Signals are the foundation of reactivity in modern Angular applications. A signal is a wrapper around a value that notifies interested consumers when that value changes.

Writable Signals (signal)

Use signal() to create state that can be directly updated.

ts
import {signal} from '@angular/core';

// Create a writable signal
const count = signal(0);

// Read the value (always requires calling the getter function)
console.log(count());

// Update the value directly
count.set(3);

// Update based on the previous value
count.update((value) => value + 1);

Exposing as Readonly

When exposing state from a service, it is a best practice to expose a readonly version to prevent external mutation.

ts
private readonly _count = signal(0);
// Consumers can read this, but cannot call .set() or .update()
readonly count = this._count.asReadonly();

Computed Signals (computed)

Use computed() to create read-only signals that derive their value from other signals.

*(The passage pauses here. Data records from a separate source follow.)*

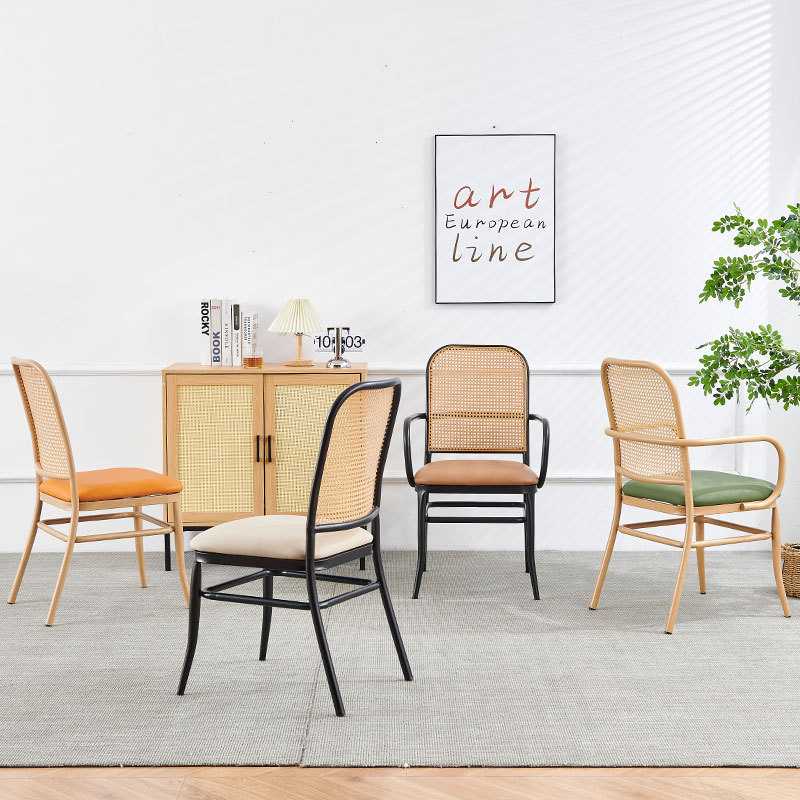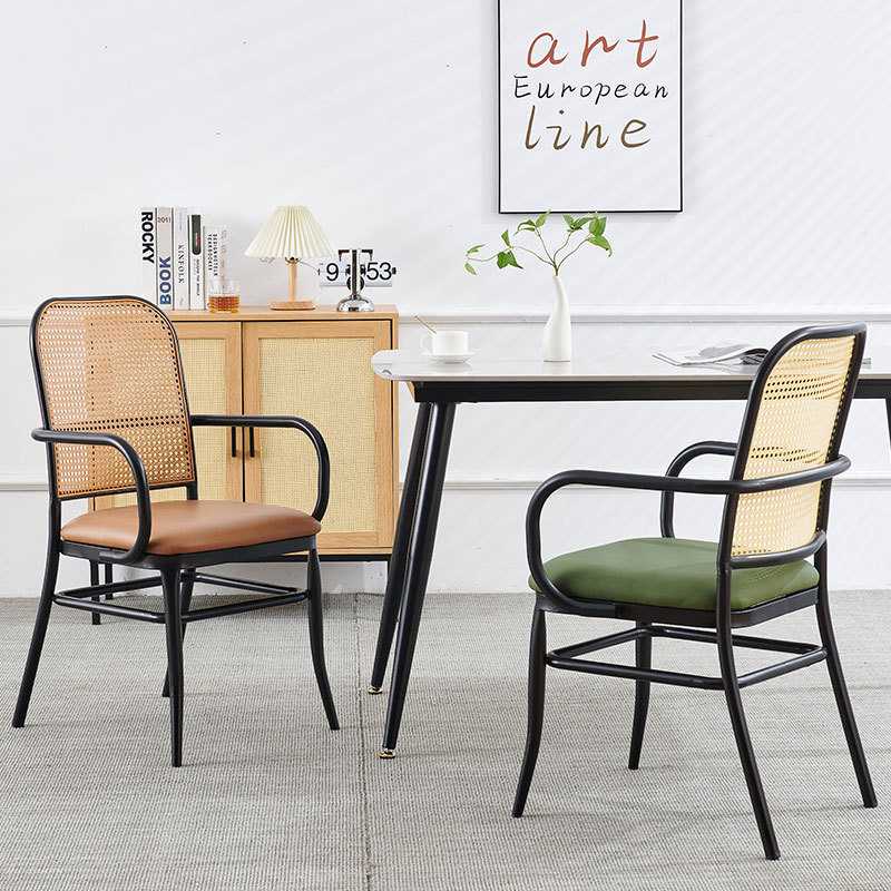 复古藤编椅家用带扶手靠背椅书房阳台休闲椅子 轻奢风餐椅跨境
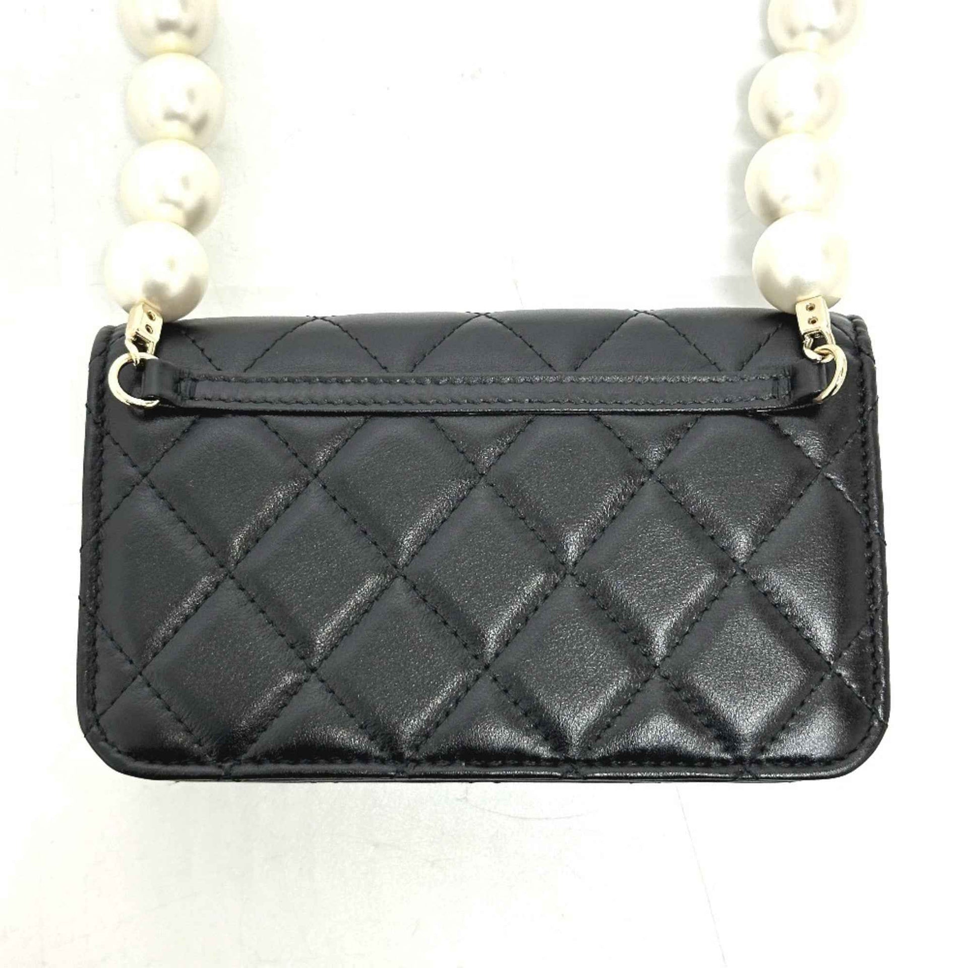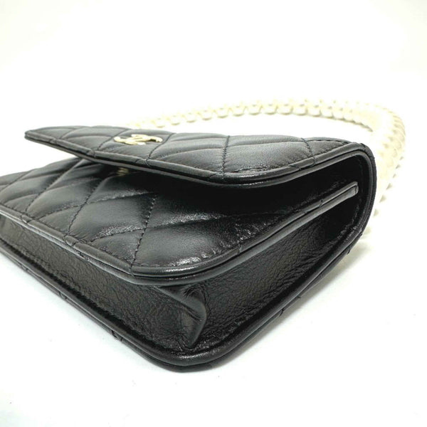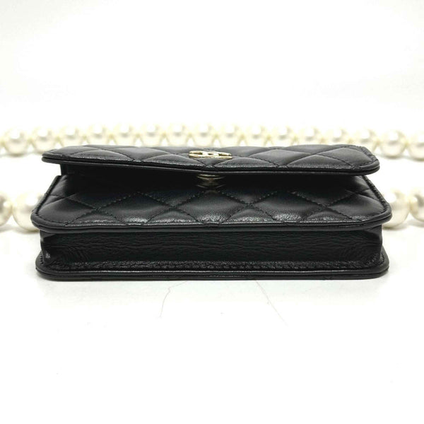 CHANEL CC Coco Mark Pearl Shoulder Chain Wallet Long Bag Lambskin Women\'s Black Like New
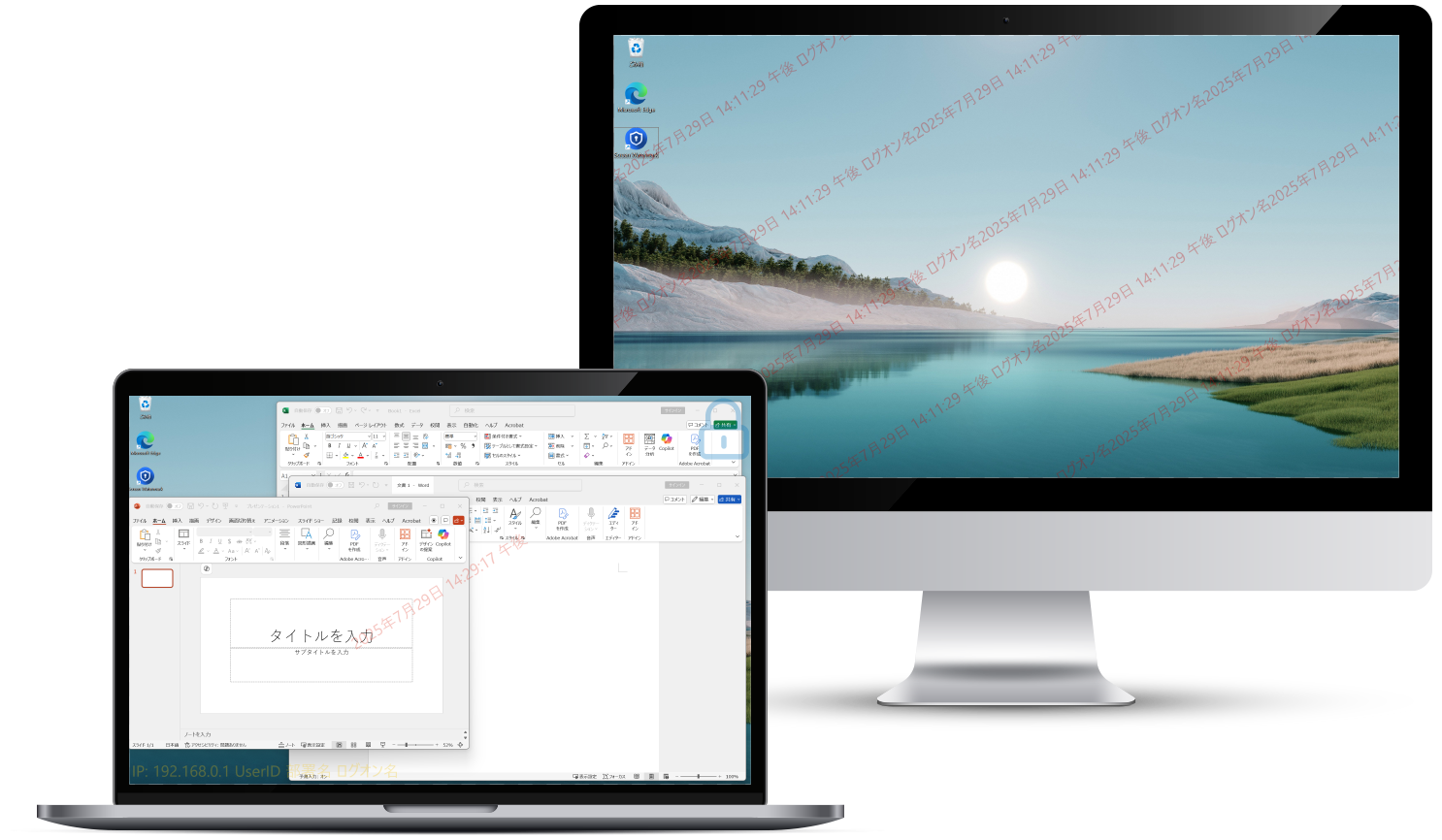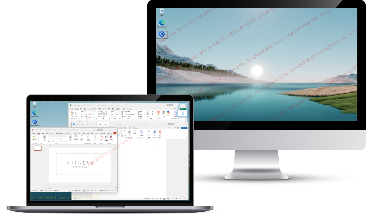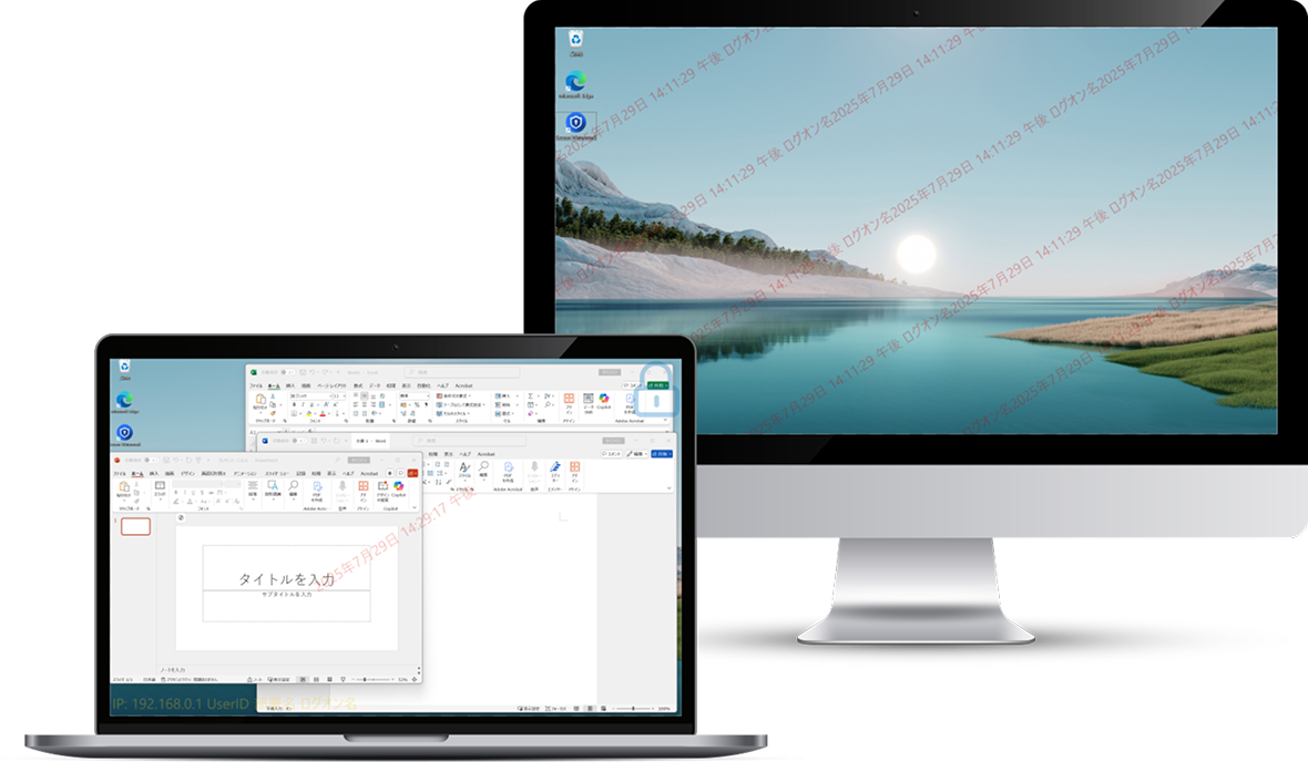 ウォーターマーク表示 - PC画面にユーザー名やIPアドレス、日時を含む透かしを常時表示。社内外での画面キャプチャや覗き見に対し、視覚的な抑止効果を発揮します。

  • Lazily Evaluated: The derivation function doesn't run until the computed signal is read.
  • Memoized: The result is cached. It only recalculates when one of the signals it depends on changes.
  • Dynamic Dependencies: Only the signals actually read during the derivation are tracked.
ts
import {signal, computed} from '@angular/core';

const count = signal(0);
const doubleCount = computed(() => count() * 2);

// doubleCount automatically updates when count changes.

Reactive Contexts

A reactive context is a runtime state where Angular monitors signal reads to establish a dependency.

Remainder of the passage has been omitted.